(Beginning of Source material)

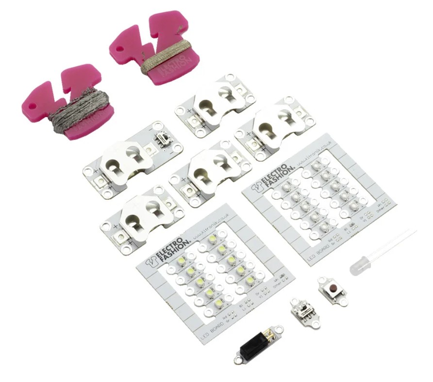The Electro-Fashion Discovery Pack is a comprehensive kit for exploring the world of e-textiles and incorporating light and interactivity into textile designs. It includes a selection of sew-on modules that enable you to quickly create simple or more elaborate lighting projects.
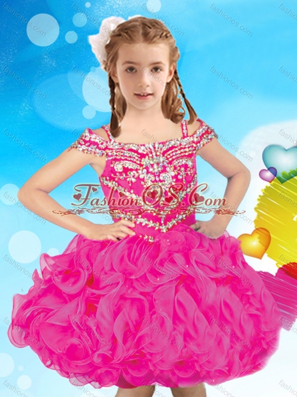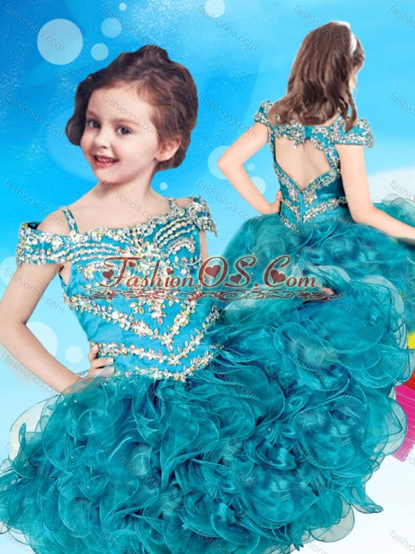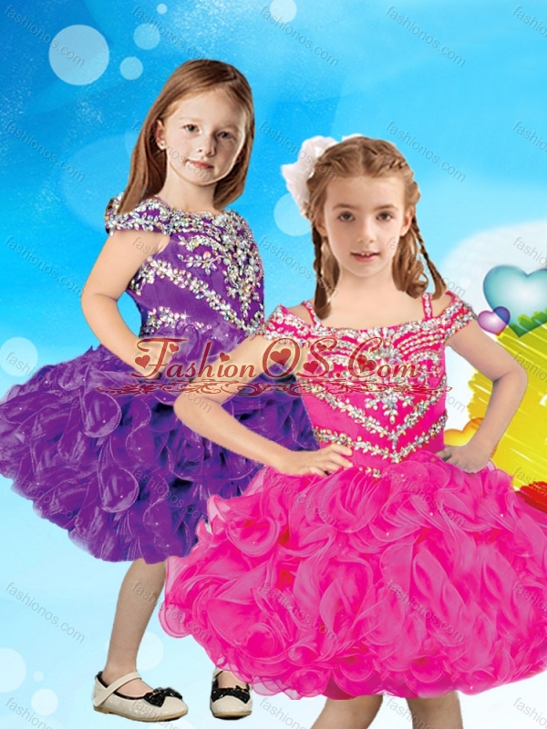 Gorgeous Straps Beaded Cap Sleeves Organza Little Girl Mini Quinceanera Dress
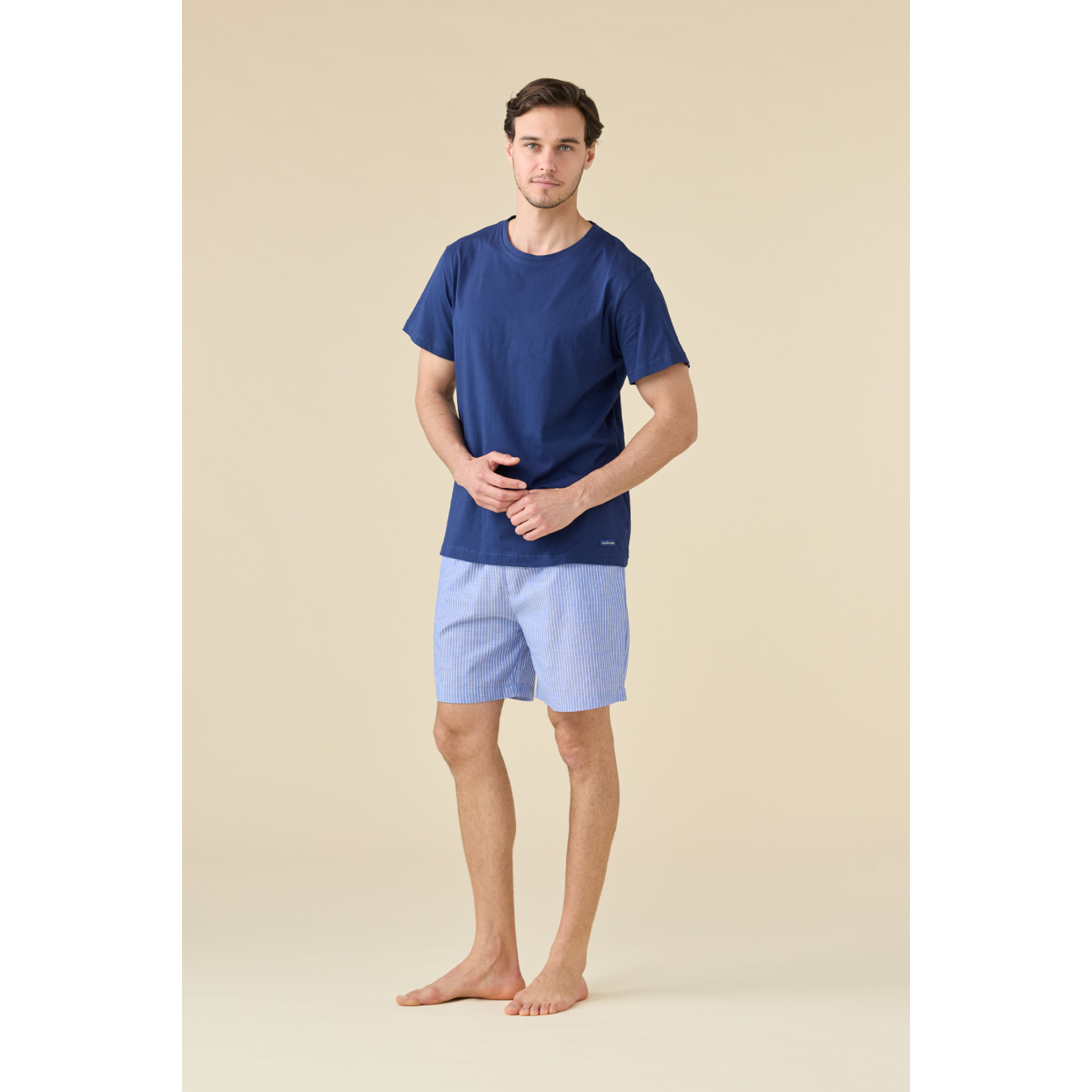 -Modello : maglia girocollo e panatalone corto con coulisse in vita e tasche in navetta di cotone

(End of Source material)

> **Work instructions**
Reproduce the material word for word, minus the images.

> **Task output**
The Electro-Fashion Discovery Pack is a comprehensive kit for exploring the world of e-textiles and incorporating light and interactivity into textile designs. It includes a selection of sew-on modules that enable you to quickly create simple or more elaborate lighting projects.
 Gorgeous Straps Beaded Cap Sleeves Organza Little Girl Mini Quinceanera Dress
 -Modello : maglia girocollo e panatalone corto con coulisse in vita e tasche in navetta di cotone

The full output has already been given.